**The problem**
Repeat exactly what runs from the line containing "Anillo Corazón Brillante" through the last line of the material below. Do not copy the pictures.

Top of Excerpted records

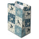 Abstract modern winter Christmas and New Year blue and white snowflake and bird cute pattern, elegant grid design for holidays.
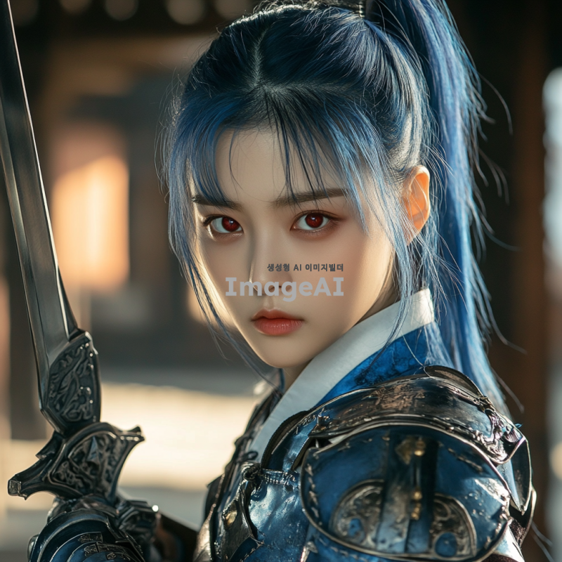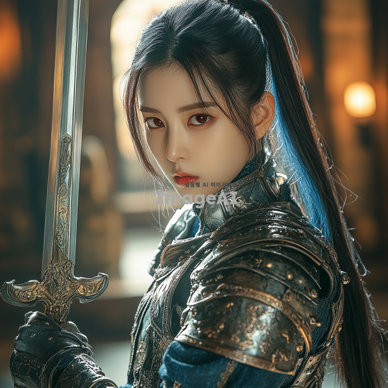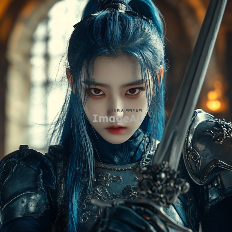 하늘색 머리를 한 갈래로 묶은 한국인 젊은 여성, 붉은 눈, 중세 스타일의 기사복을 입고 있으며, 강력한 검을 두 손으로 들고 정면을 응시하는 모습, 배경은 중세 성의 내부, 차분하고 결연한 표정.
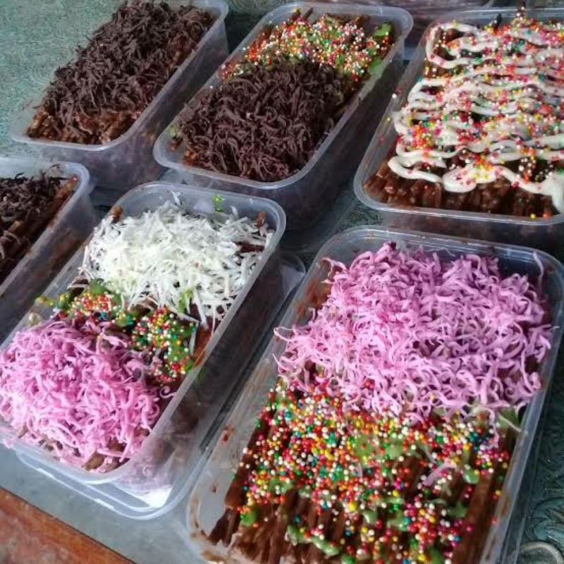 makanan lidi berbalut coklat dan taburi toping
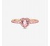 Anillo Corazón Brillante Elevado Rosa, inspirado en nuestra clásica colección Pandora Timeless. Acabado a mano con una aleación única de metales con un recubrimiento electrolítico de oro rosa de segunda ley de 14K, esta joya presenta una gema central más elevada con forma de corazón de color rosa. Las circonitas cúbicas transparentes crean un halo y decoran la mitad del eje de la alianza, que además presenta el logotipo de Pandora en su interior.
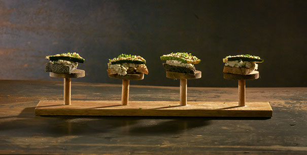 CHEF HUBENOV’S own production CASHEW RICOTTA with spinach, TOPED WTH A SPICY cured EGG YOLK
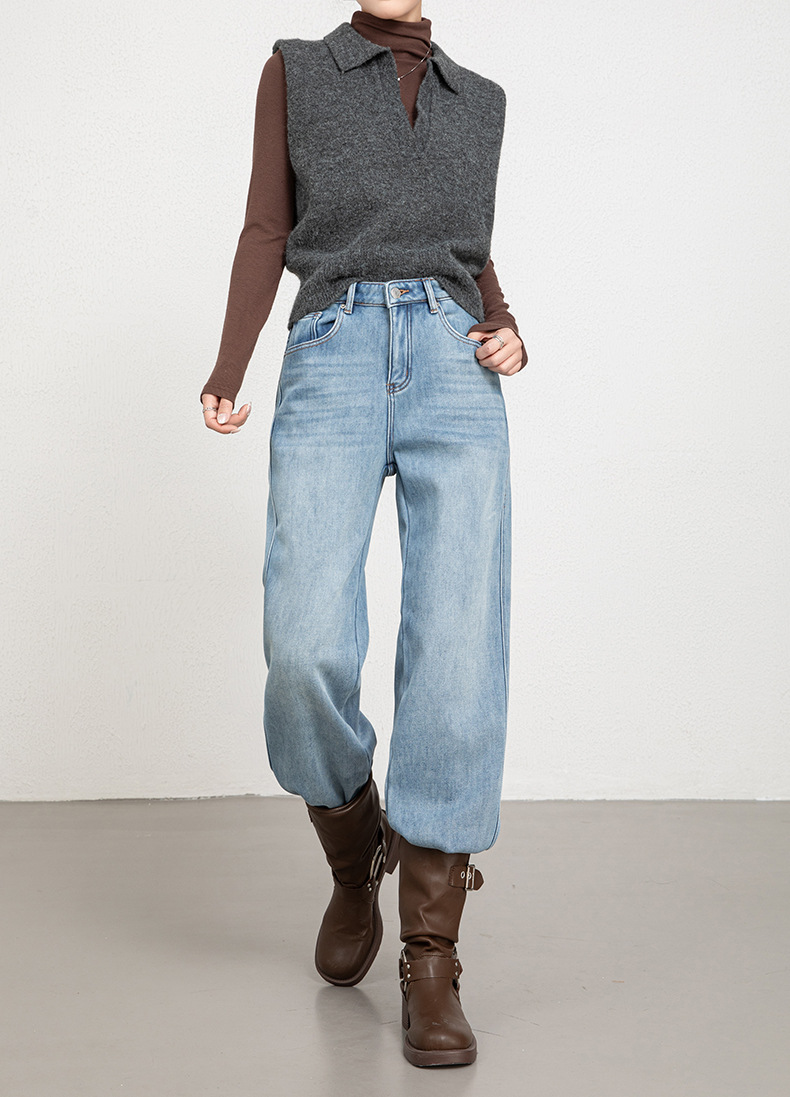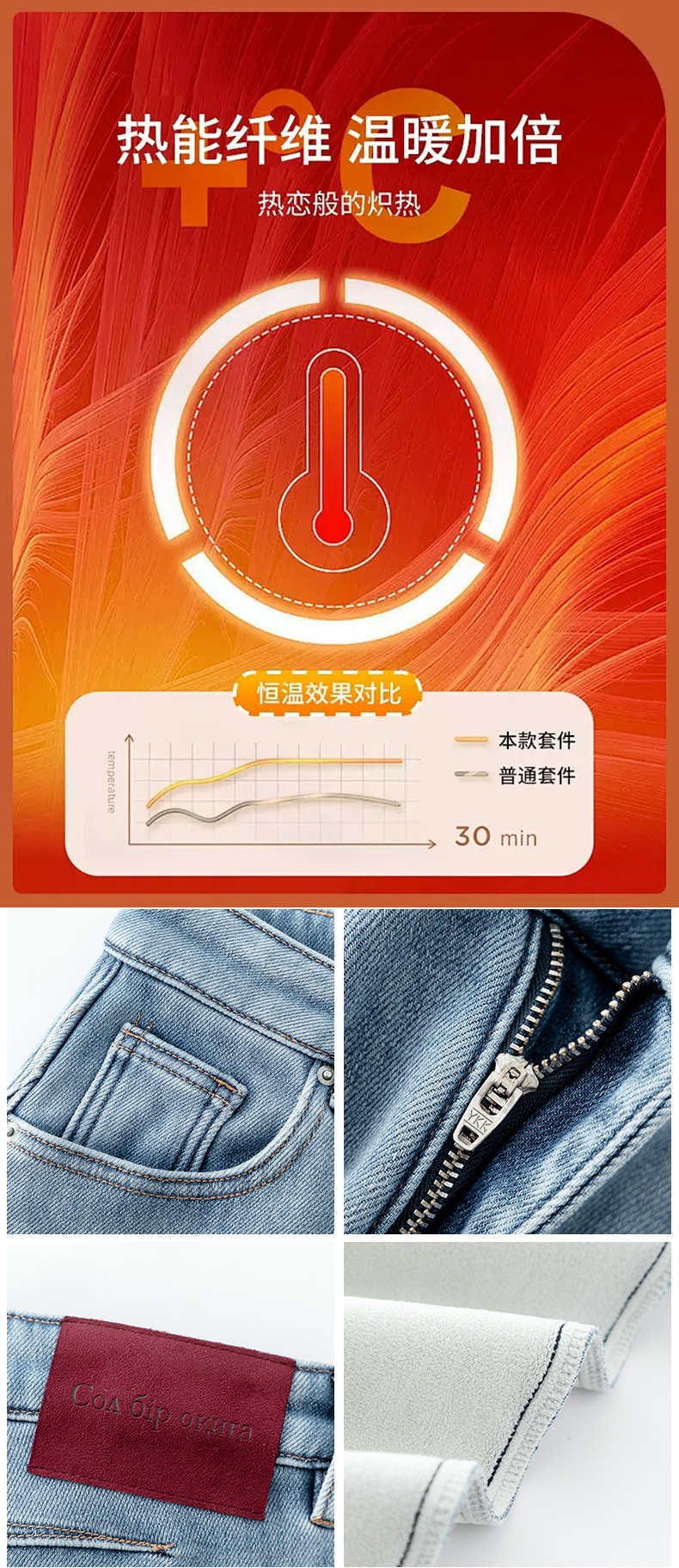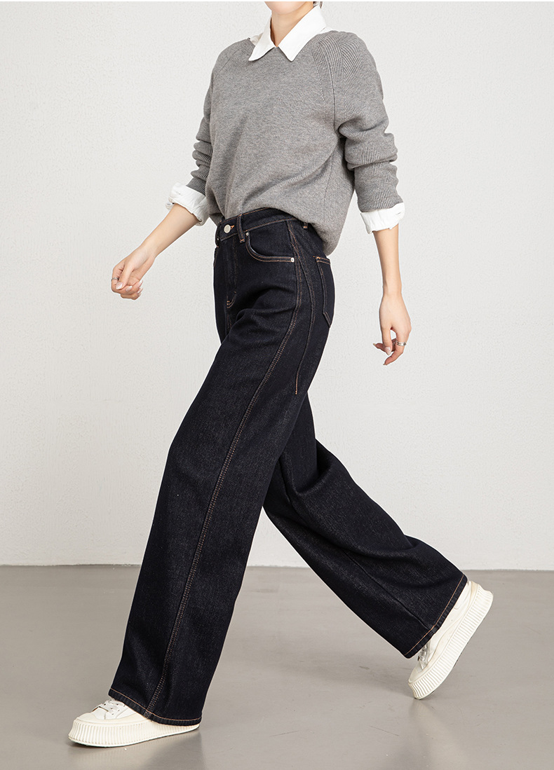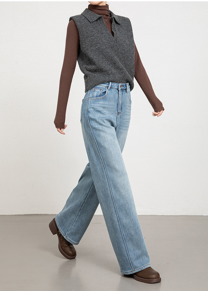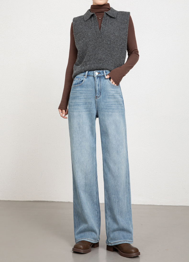 「高货rg」全新升级【铂金会员220/天猫289/差价69】(24126)洛诗琳自发热保暖牛仔裤2025冬季新款加绒阔腿直筒裤女

Bottom of Excerpted records

**Answer to the exercise**
 Anillo Corazón Brillante Elevado Rosa, inspirado en nuestra clásica colección Pandora Timeless. Acabado a mano con una aleación única de metales con un recubrimiento electrolítico de oro rosa de segunda ley de 14K, esta joya presenta una gema central más elevada con forma de corazón de color rosa. Las circonitas cúbicas transparentes crean un halo y decoran la mitad del eje de la alianza, que además presenta el logotipo de Pandora en su interior.
 CHEF HUBENOV’S own production CASHEW RICOTTA with spinach, TOPED WTH A SPICY cured EGG YOLK
 「高货rg」全新升级【铂金会员220/天猫289/差价69】(24126)洛诗琳自发热保暖牛仔裤2025冬季新款加绒阔腿直筒裤女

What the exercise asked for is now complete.